Artificial intelligence has extensive applications in the medical field. In orthopaedics, AI has been integrated into the entire pipeline — from diagnosis to treatment delivery. At MLDS 2021, Sukhraj Singh, senior staff engineer at Stryker, spoke in length about the entire applications of AI in orthopaedics in the preoperative, intraoperative and postoperative stages. 

AI In Orthopaedics

Orthopaedic surgery is undertaken to treat degenerative diseases, musculoskeletal trauma, sports injuries, congenital disorders, tumours and infections. The different stages of the surgery include preoperative, intraoperative and postoperative processes. Explaining each in detail, Singh said: 

  • The preoperative stage includes analysing the health record of the patient, studying medical imaging data such as X-ray or CT scans and creating relevant information for the surgery.
  • In the intraoperative stage, the patient is monitored, anaesthesia is administered and is prepped for the operation.
  • The postoperative stage includes shifting to the post-anaesthesia care unit and monitoring the recovery of the patient. 

Singh said AI is used in the first two stages of the surgery, adding that deep learning and conventional machine learning are the most popular methods currently. The most common techniques used are SVM and linear regression.

Further, supervised algorithms are also used. Linear methods include Principal Component Analysis (PCA), while for non-linearity processes deep learning methods such as U-Net and Resnet are availed. The most common kind of data used is medical imaging data. 

Use Case

Singh explained the use of AI in orthopaedics using the example of knee replacement surgery. Total knee arthroplasty begins with collecting the preoperative information such as X-ray and CT scans. The 3D bone surface models are studied followed by image segmentation to plan the surgery. This is followed by an intraoperative step which involves inserting guiding pins. 

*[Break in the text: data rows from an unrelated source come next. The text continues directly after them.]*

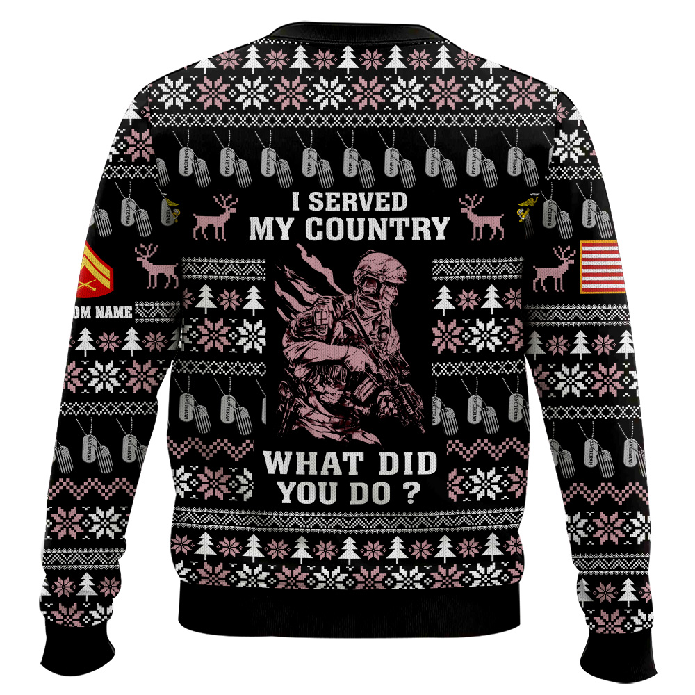 Hooktab US Marine Corps Liberty Eagle “I Served My Country” – Custom Name And Rank Ugly Sweater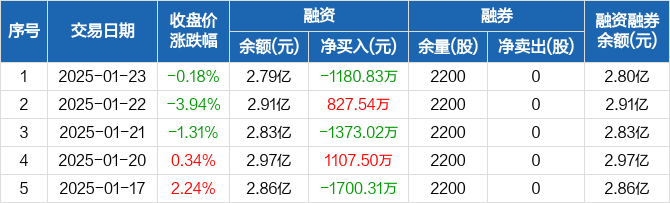 华海诚科:融资净偿还1180.83万元,融资余额2.79亿元(01-23)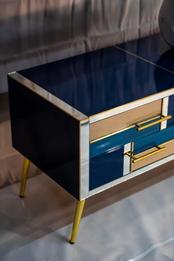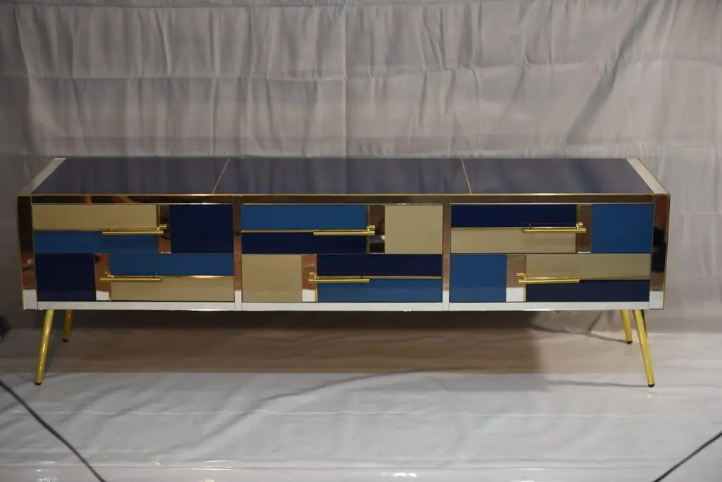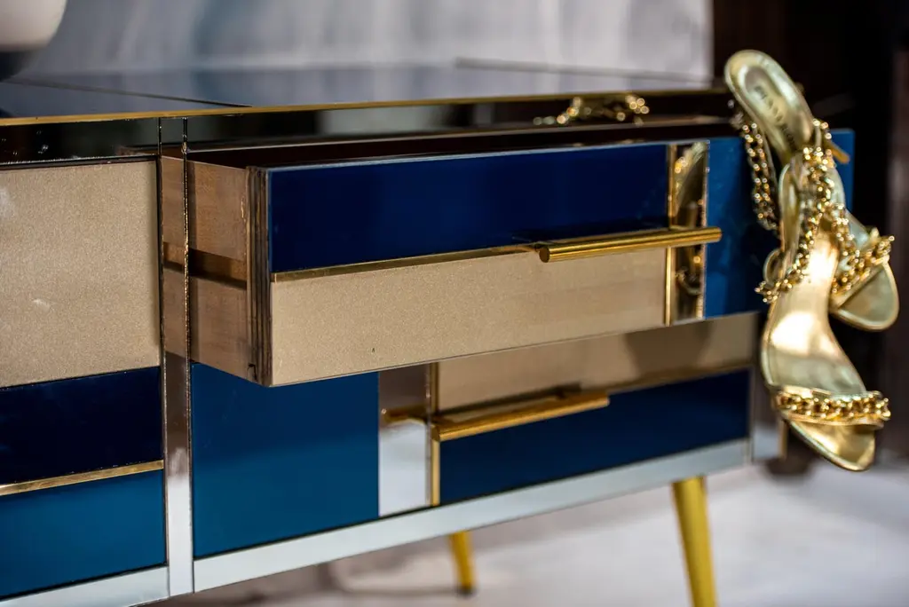 Scopri la nostra esclusiva cassettiera artigianale, un vero gioiello dell'arte italiana. Ogni dettaglio di questo mobile è frutto di un'abilità artigianale senza pari: i sei cassetti sono realizzati a mano in vetro, con tagli di una raffinata tonalità di blu zaffiro, oro e blu notte, alternati con delicati specchi. Le rifiniture in ottone aggiungono un tocco di lusso e raffinatezza al design. Questa splendida cassettiera, creata interamente a mano in Italia, incarna la tradizione artigianale italiana. Perfetta per chi desidera arricchire il proprio ambiente con un mobile unico e di alta qualità. Aggiungi un tocco di eleganza e sofisticatezza alla tua casa con questa creazione distintiva e senza tempo.

As things stand, most of the image segmentation involves manual intervention, such as the use of painting tools. The entire process can be overwhelming for the doctors who have to perform many surgeries in a day creating decision fatigue and time loss. These processes are now automated using ML and DL models. The surface reconstruction is being carried out to create a surface mesh using the marching cubes algorithm. The post-processing of the surface mesh provides a better representation of patient anatomy. 

Explaining how to build a model, Singh said the first step is to generate a set of training data by manual or semi-automatic segmentation of boundaries. The next step is to wrap a reference shape so the mesh has the same number of vertices and point topology. Next, compute the affine alignment of shapes so that all examples lie on top of each other. The final step is the Principal Component Analysis on the aligned shape. It further involves steps such as:

  • Computing the mean shape
  • Computing covariance matrix
  • Computing eigenvalue and vectors of the covariance matrix

Of late, robot-assisted surgery is also gaining popularity in orthopaedics. 

While these methods have achieved a tremendous amount of efficiency in the process, specific problems still need to be addressed. Despite the progress, there is a lack of patient-specific implants for knee replacement surgery. Further, it yet cannot automate implant design creation based on anatomy. One of the other significant challenges is the inability to use patient recovery data to improve surgical outcome. Use of AI also needs to be explored in areas such as treating ligaments.

Singh said the way forward would be to have open access to the data to encourage collaborations, cross-validation to create a better solution without bias, make doctors AI literate, and institute regulatory measures.